#### RECORDED INFORMATION ####
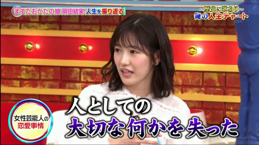 麻友向來都自稱對戀愛沒有興趣,十多歲的時候最愛動漫畫,後來又喜歡上寶塚,跟其他成員不同,從來都不會跟男明星聚會。在這個節目上,麻友又再重申:「回想過去的話,由小學或幼稚園開始,未曾對男性抱有好感。(比起戀愛)我更喜歡自己的興趣,小學時代就已經沉迷看漫畫…」中居不信,又再追問:「不是不記得初戀,而是從未有過初戀?」麻友回答:「從未試過羨慕別人有男女朋友。從小開始,又完全沒有這種感覺…」曾經橋本環奈也有說過類似的說話「至今為止都沒有對人心動過……」,也許觀眾會覺得這是偶像的模範回答,但我覺得這兩位女性具有偶像意識,對自己非常嚴厲,一定是把支持者放在第一位吧。
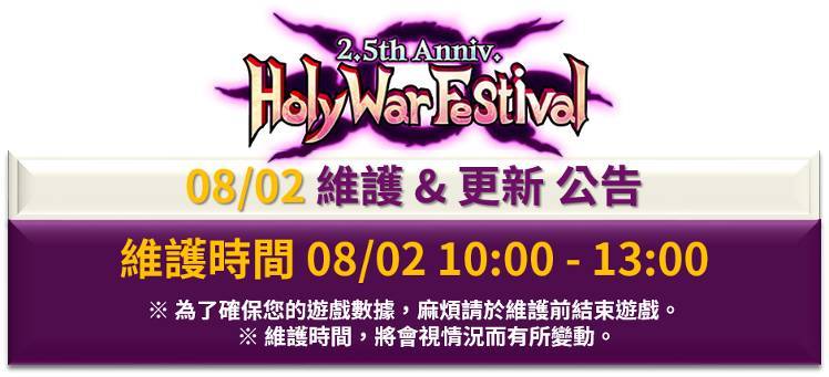 - 期間:08/02 維護後 - 08/30 另行通知為止
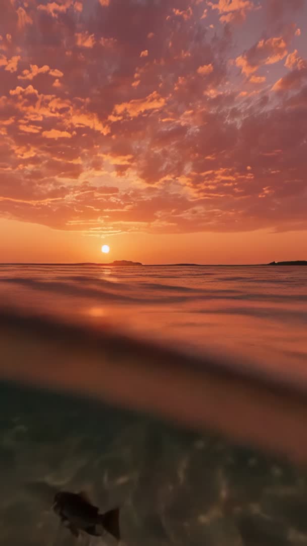 AI Generated Video. Vertical slow-motion clip showing dark fish gliding over shallow seabed during golden sunset with glowing clouds and warm orange reflection on water. Composition balancing calm surface and underwater foreground, creating minimalist and meditative mood. Suitable for social media reels, Instagram stories, TikTok videos showcasing travel, nature, relaxation, ocean conservation campaigns. Useful as background for wellness apps, guided meditation sessions, hotel and resort promos, tourism websites, environmental documentaries, cinematic title sequences. Color palette emphasizing warm tones and contrast between silhouetted fish and illuminated sky. Clip working well for looped banners, vertical ads, calming transitions in video projects, or hero headers on mobile sites. Vertical orientation and shallow depth of field creating immersive foreground motion; slow panning or subtle color grading enhancing mood. Licensing tip: select extended license for commercial broadcast or large-scale displays.
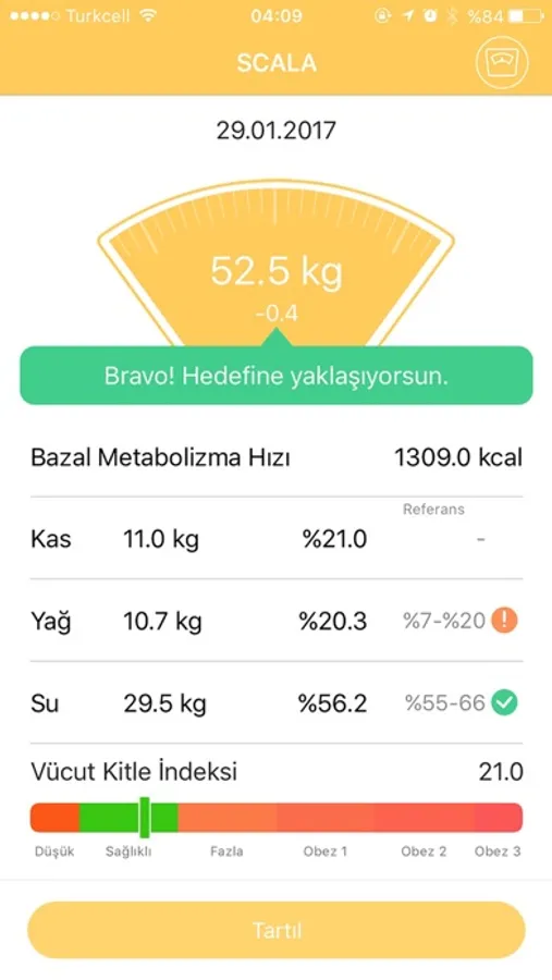 • Scala yağ, kas, su, kemik ağırlığı, bazal metabolizma hızı ve vücut kitle indeksini ölçerek bilgi sunar:
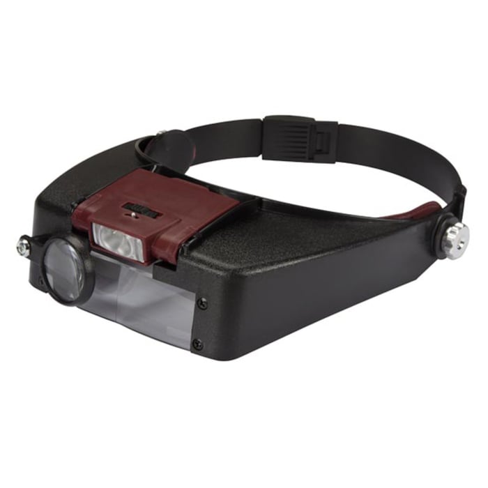 Forstørrelsesbriller med regulerbart hodebånd og belysning. Perfekt for lodding eller detaljarbeid der du trenger forstørrelse og frie hender. LED-belysning som kan vippes/vinkles. Linse i regulerbar forstørrelse: 0,375x, 0,75x, 2,125x og 2,5x. Drives av 2x AAA-batterier (følger ikke med). Vekt: 148 g.
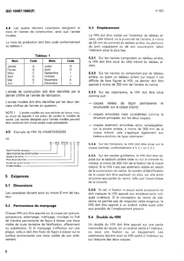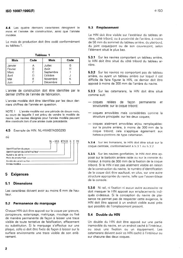 ISO 10087:1995 - Navires de plaisance -- Identification des coques -- Systeme de codage
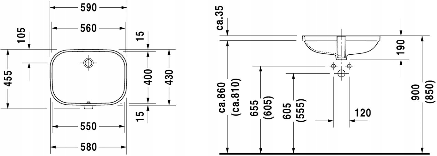 РАКОВИНА DURAVIT D-CODE 56X40 СМ ПОД СТОЛЕШНИЦОЙ
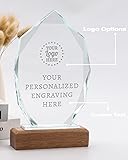ZALHIN Personalized Crystal Trophy Award with Solid Wood Base - Custom Engraved Plaques for Employee Recognition, Sports Trophies, Thanks Gifts
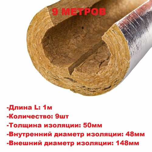 РАЗМЕРЫ: -Длина L: 1м -Количество: 9 шт -Толщина изоляции: 50 мм -Внутренний диаметр изоляции: 48 мм -Внешний диаметр изоляции: 148 мм
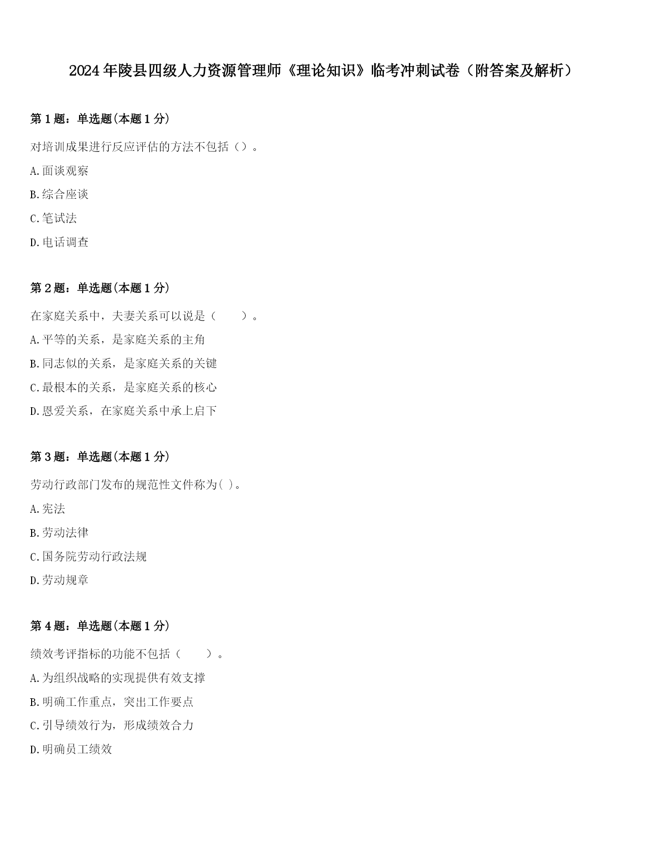 2024年陵县四级人力资源管理师《理论知识》临考冲刺试卷(附答案及解析).docx
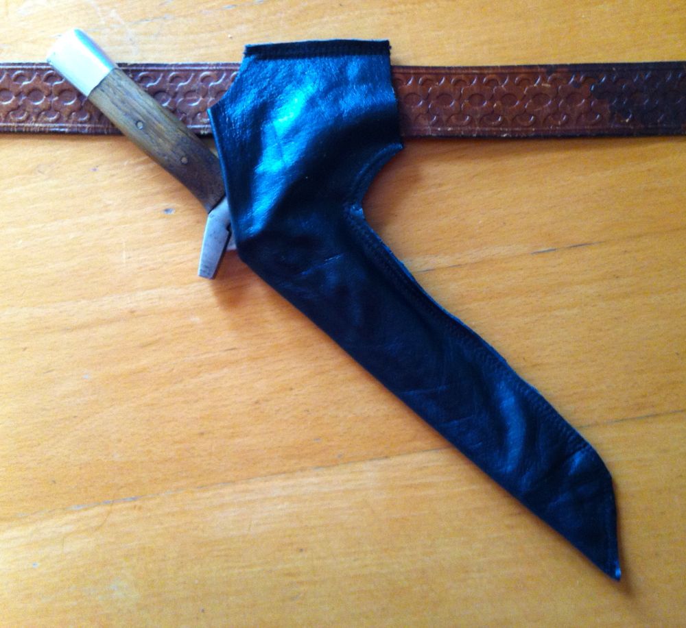 Das Grundpinzip meiner Scheide stammt vom Hüftköcher in dem die Pfeile in einem kurzem Köcher stecken und nach schräg hinten hinausstehen.
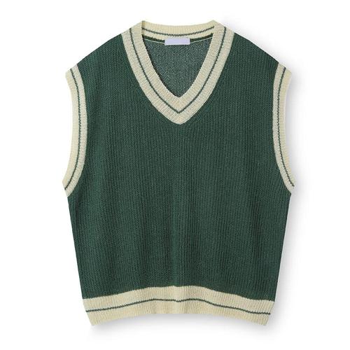 남자 간절기 오버핏 배색 브이넥 니트 베스트 AC-VES-Q014-그린
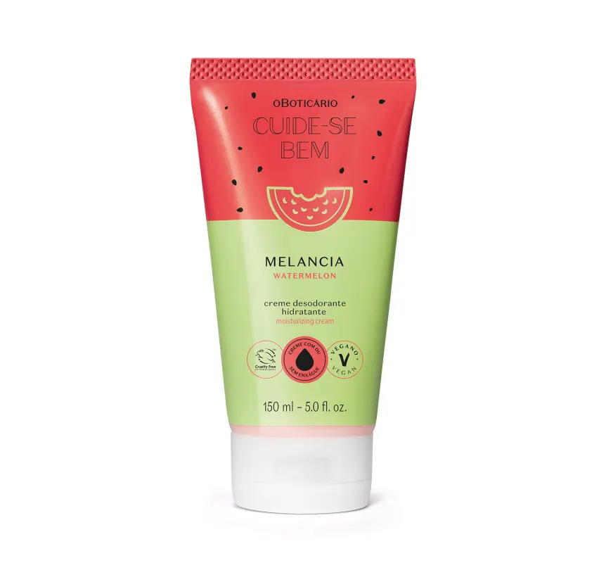 Creme Desodorante Hidratante Corporal Cuide-se Bem Melancia 150ml<br /> <br /> <br /> A linha Melancia cresceu! Agora com novas texturas e muita hidratação. Cuide-se Bem atendeu ao seu pedido e trouxe uma linha em edição limitada com toda a doçura e refrescância da fruta , para deixar sua pele cheirosa e hidratadíssima!!<br /> <br /> <br /> Nenhum produto O Boticário é testado em animais, ou seja, este item possui selo Cruelty Free. Produto vegano.
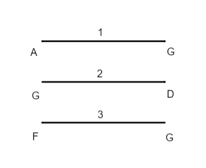 et multiplicato tertio in quemlibet secundorum, ac productis divisis per primum, prodibunt pro latere TG 1° 0ʹ 8ʹʹ et pro latere ET 0° 53ʹ 21ʹʹ. Ad habendum lineam AG primae figurae sic perreximus, scilicet subtraximus lineam ET, hoc est 0° 53ʹ 21ʹʹ, a linea AE, quae est inventa 17 gradus 55 minuta 32 secundae, et quod relictum est fuerunt 17 gradus, 2 minuta 11 secundae, linea scilicet TA, quo facto multiplicata est nobis linea AT in se, et similiter linea TG, et producta sunt addita invicem per penultima primi Euclidis, et ex producto quaesita est radix quadrata, quam invenimus esse 17° 3ʹ 57ʹʹ, pro longitudine lineae AG. Ex his suppositis non difficile est ad elicendum quot graduum sint lineae GE, DE eorundem nimirum, quorum AG est 89 graduum 46 minutorum 14ʹʹ, et ut hoc facilius habet, ordinentur numeri in regulam DE DE] read de tribus:
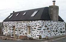 The island is known for its vernacular architecture, including a 'blackhouse' and 'white houses', many retaining their traditional thatched roofs, as well as its unique 'pudding' or 'spotted houses' where only the mortar is painted white.
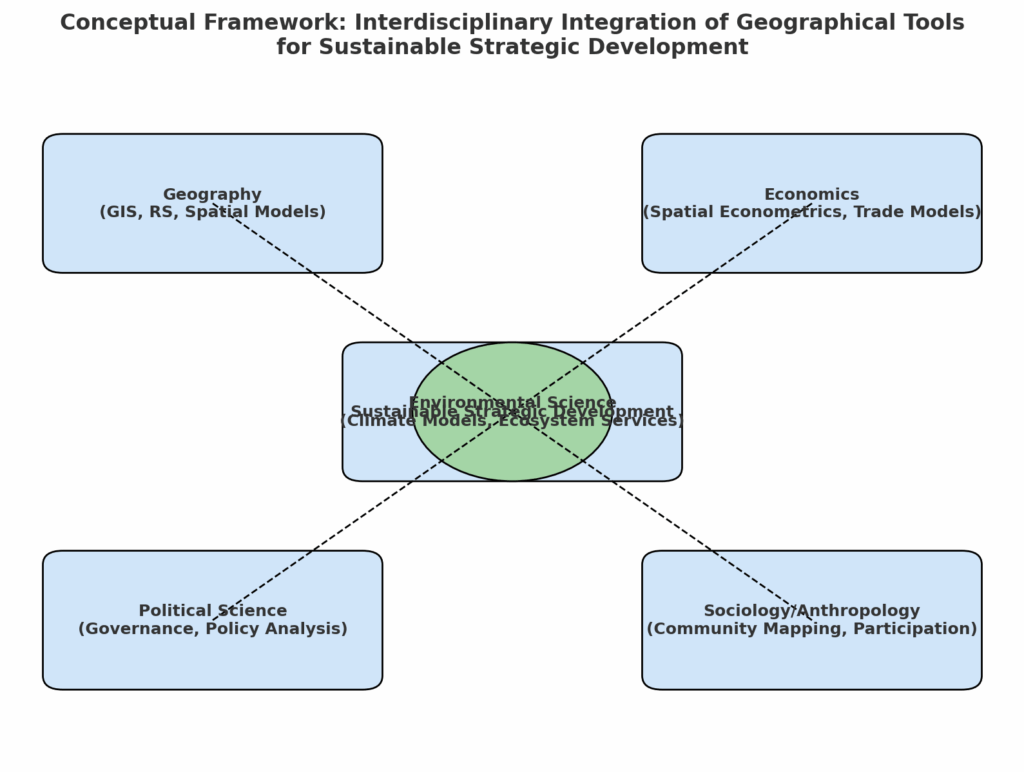 การพัฒนายุทธศาสตร์เชิงพื้นที่ที่ยั่งยืนจำเป็นต้องบูรณาการความรู้เชิงสหวิทยาการ (interdisciplinary integration) ระหว่างภูมิศาสตร์ เศรษฐศาสตร์ รัฐศาสตร์ สังคมวิทยา และวิทยาศาสตร์สิ่งแวดล้อม เนื่องจากประเด็นการพัฒนามีความซับซ้อนเกินกว่าที่ศาสตร์ใดศาสตร์หนึ่งจะแก้ไขได้ (Harvey, 1973; Sen, 1999) เครื่องมือภูมิศาสตร์ เช่น GIS, Remote Sensing และ Spatial Econometrics แม้จะมีพลังในการสร้างข้อมูลเชิงประจักษ์ แต่ก็ต้องเชื่อมโยงกับทฤษฎีทางสังคมและเศรษฐศาสตร์เพื่ออธิบายพลวัตเชิงอำนาจ ความเหลื่อมล้ำ และความยุติธรรมเชิงพื้นที่ (Lefebvre, 1991; Soja, 2010) ขณะเดียวกัน การใช้ Participatory GIS และ Community Mapping ต้องอาศัยความเข้าใจด้านมานุษยวิทยาและรัฐศาสตร์ เพื่อให้การมีส่วนร่วมของชุมชนไม่ตกเป็นเพียงสัญลักษณ์ หากแต่เสริมสร้างพลังทางการเมืองของท้องถิ่น (Ostrom, 1990) อย่างไรก็ตาม เครื่องมือเชิงเทคนิคมีแนวโน้มจะครอบงำด้วยโลกทัศน์แบบเทคโนแครต (technocratic bias) จนละเลยคุณค่าทางวัฒนธรรมและสังคมที่มิอาจแทนด้วยข้อมูลเชิงปริมาณได้ (Massey, 2005) การสร้างพลังร่วมทางความรู้จึงต้องเกิดจากการ “เชื่อมโยงหลายสาขา” (multi-scalar, multi-disciplinary synthesis) ที่หลอมรวมมิติวิทยาศาสตร์กายภาพ เศรษฐกิจการเมือง และเสียงของประชาชน เข้าสู่ยุทธศาสตร์เชิงพื้นที่ที่เป็นทั้ง ยุติธรรม–แข่งขันได้–และยืดหยุ่น อันเป็นรากฐานของการพัฒนาที่ยั่งยืน (UN, 2015; IPCC, 2022)
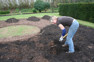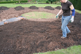The soil is pretty good under the old turf - sandy but enough clay to keep it moist. What it lacks is organic matter so I've decided to work a layer of the mulch into the top few inches to open it up a bit. I'll add a dressing of fish, blood and bone when we plant it up.
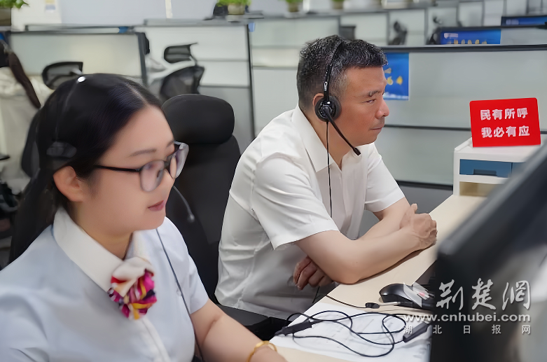 湖北電信陳志強(qiáng)總經(jīng)理深入一線接聽客戶投訴電話。通訊員 供圖
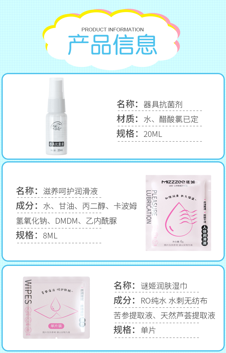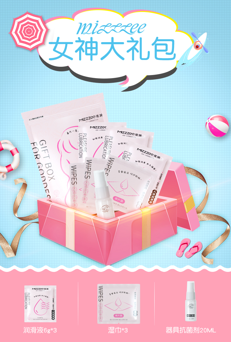 谜姬 女神大礼包情趣避孕套 女性润滑液润肤湿巾成人性用品夫妻房事情趣用具器具清洗喷剂
####
» **TASK REQUIREMENTS**:
Pictures are to be left out; repeat all the remaining data exactly.

» **REPLY TO THE TASK**:
 麻友向來都自稱對戀愛沒有興趣,十多歲的時候最愛動漫畫,後來又喜歡上寶塚,跟其他成員不同,從來都不會跟男明星聚會。在這個節目上,麻友又再重申:「回想過去的話,由小學或幼稚園開始,未曾對男性抱有好感。(比起戀愛)我更喜歡自己的興趣,小學時代就已經沉迷看漫畫…」中居不信,又再追問:「不是不記得初戀,而是從未有過初戀?」麻友回答:「從未試過羨慕別人有男女朋友。從小開始,又完全沒有這種感覺…」曾經橋本環奈也有說過類似的說話「至今為止都沒有對人心動過……」,也許觀眾會覺得這是偶像的模範回答,但我覺得這兩位女性具有偶像意識,對自己非常嚴厲,一定是把支持者放在第一位吧。
 - 期間:08/02 維護後 - 08/30 另行通知為止
 AI Generated Video. Vertical slow-motion clip showing dark fish gliding over shallow seabed during golden sunset with glowing clouds and warm orange reflection on water. Composition balancing calm surface and underwater foreground, creating minimalist and meditative mood. Suitable for social media reels, Instagram stories, TikTok videos showcasing travel, nature, relaxation, ocean conservation campaigns. Useful as background for wellness apps, guided meditation sessions, hotel and resort promos, tourism websites, environmental documentaries, cinematic title sequences. Color palette emphasizing warm tones and contrast between silhouetted fish and illuminated sky. Clip working well for looped banners, vertical ads, calming transitions in video projects, or hero headers on mobile sites. Vertical orientation and shallow depth of field creating immersive foreground motion; slow panning or subtle color grading enhancing mood. Licensing tip: select extended license for commercial broadcast or large-scale displays.
 • Scala yağ, kas, su, kemik ağırlığı, bazal metabolizma hızı ve vücut kitle indeksini ölçerek bilgi sunar:
 Forstørrelsesbriller med regulerbart hodebånd og belysning. Perfekt for lodding eller detaljarbeid der du trenger forstørrelse og frie hender. LED-belysning som kan vippes/vinkles. Linse i regulerbar forstørrelse: 0,375x, 0,75x, 2,125x og 2,5x. Drives av 2x AAA-batterier (følger ikke med). Vekt: 148 g.
 ISO 10087:1995 - Navires de plaisance -- Identification des coques -- Systeme de codage
 РАКОВИНА DURAVIT D-CODE 56X40 СМ ПОД СТОЛЕШНИЦОЙ
ZALHIN Personalized Crystal Trophy Award with Solid Wood Base - Custom Engraved Plaques for Employee Recognition, Sports Trophies, Thanks Gifts
 РАЗМЕРЫ: -Длина L: 1м -Количество: 9 шт -Толщина изоляции: 50 мм -Внутренний диаметр изоляции: 48 мм -Внешний диаметр изоляции: 148 мм
 2024年陵县四级人力资源管理师《理论知识》临考冲刺试卷(附答案及解析).docx
 Das Grundpinzip meiner Scheide stammt vom Hüftköcher in dem die Pfeile in einem kurzem Köcher stecken und nach schräg hinten hinausstehen.
 남자 간절기 오버핏 배색 브이넥 니트 베스트 AC-VES-Q014-그린
 Creme Desodorante Hidratante Corporal Cuide-se Bem Melancia 150ml<br /> <br /> <br /> A linha Melancia cresceu! Agora com novas texturas e muita hidratação. Cuide-se Bem atendeu ao seu pedido e trouxe uma linha em edição limitada com toda a doçura e refrescância da fruta , para deixar sua pele cheirosa e hidratadíssima!!<br /> <br /> <br /> Nenhum produto O Boticário é testado em animais, ou seja, este item possui selo Cruelty Free. Produto vegano.
 et multiplicato tertio in quemlibet secundorum, ac productis divisis per primum, prodibunt pro latere TG 1° 0ʹ 8ʹʹ et pro latere ET 0° 53ʹ 21ʹʹ. Ad habendum lineam AG primae figurae sic perreximus, scilicet subtraximus lineam ET, hoc est 0° 53ʹ 21ʹʹ, a linea AE, quae est inventa 17 gradus 55 minuta 32 secundae, et quod relictum est fuerunt 17 gradus, 2 minuta 11 secundae, linea scilicet TA, quo facto multiplicata est nobis linea AT in se, et similiter linea TG, et producta sunt addita invicem per penultima primi Euclidis, et ex producto quaesita est radix quadrata, quam invenimus esse 17° 3ʹ 57ʹʹ, pro longitudine lineae AG. Ex his suppositis non difficile est ad elicendum quot graduum sint lineae GE, DE eorundem nimirum, quorum AG est 89 graduum 46 minutorum 14ʹʹ, et ut hoc facilius habet, ordinentur numeri in regulam DE DE] read de tribus:
 The island is known for its vernacular architecture, including a 'blackhouse' and 'white houses', many retaining their traditional thatched roofs, as well as its unique 'pudding' or 'spotted houses' where only the mortar is painted white.
 การพัฒนายุทธศาสตร์เชิงพื้นที่ที่ยั่งยืนจำเป็นต้องบูรณาการความรู้เชิงสหวิทยาการ (interdisciplinary integration) ระหว่างภูมิศาสตร์ เศรษฐศาสตร์ รัฐศาสตร์ สังคมวิทยา และวิทยาศาสตร์สิ่งแวดล้อม เนื่องจากประเด็นการพัฒนามีความซับซ้อนเกินกว่าที่ศาสตร์ใดศาสตร์หนึ่งจะแก้ไขได้ (Harvey, 1973; Sen, 1999) เครื่องมือภูมิศาสตร์ เช่น GIS, Remote Sensing และ Spatial Econometrics แม้จะมีพลังในการสร้างข้อมูลเชิงประจักษ์ แต่ก็ต้องเชื่อมโยงกับทฤษฎีทางสังคมและเศรษฐศาสตร์เพื่ออธิบายพลวัตเชิงอำนาจ ความเหลื่อมล้ำ และความยุติธรรมเชิงพื้นที่ (Lefebvre, 1991; Soja, 2010) ขณะเดียวกัน การใช้ Participatory GIS และ Community Mapping ต้องอาศัยความเข้าใจด้านมานุษยวิทยาและรัฐศาสตร์ เพื่อให้การมีส่วนร่วมของชุมชนไม่ตกเป็นเพียงสัญลักษณ์ หากแต่เสริมสร้างพลังทางการเมืองของท้องถิ่น (Ostrom, 1990) อย่างไรก็ตาม เครื่องมือเชิงเทคนิคมีแนวโน้มจะครอบงำด้วยโลกทัศน์แบบเทคโนแครต (technocratic bias) จนละเลยคุณค่าทางวัฒนธรรมและสังคมที่มิอาจแทนด้วยข้อมูลเชิงปริมาณได้ (Massey, 2005) การสร้างพลังร่วมทางความรู้จึงต้องเกิดจากการ “เชื่อมโยงหลายสาขา” (multi-scalar, multi-disciplinary synthesis) ที่หลอมรวมมิติวิทยาศาสตร์กายภาพ เศรษฐกิจการเมือง และเสียงของประชาชน เข้าสู่ยุทธศาสตร์เชิงพื้นที่ที่เป็นทั้ง ยุติธรรม–แข่งขันได้–และยืดหยุ่น อันเป็นรากฐานของการพัฒนาที่ยั่งยืน (UN, 2015; IPCC, 2022)
The soil is pretty good under the old turf - sandy but enough clay to keep it moist. What it lacks is organic matter so I've decided to work a layer of the mulch into the top few inches to open it up a bit. I'll add a dressing of fish, blood and bone when we plant it up.
 湖北電信陳志強(qiáng)總經(jīng)理深入一線接聽客戶投訴電話。通訊員 供圖
 谜姬 女神大礼包情趣避孕套 女性润滑液润肤湿巾成人性用品夫妻房事情趣用具器具清洗喷剂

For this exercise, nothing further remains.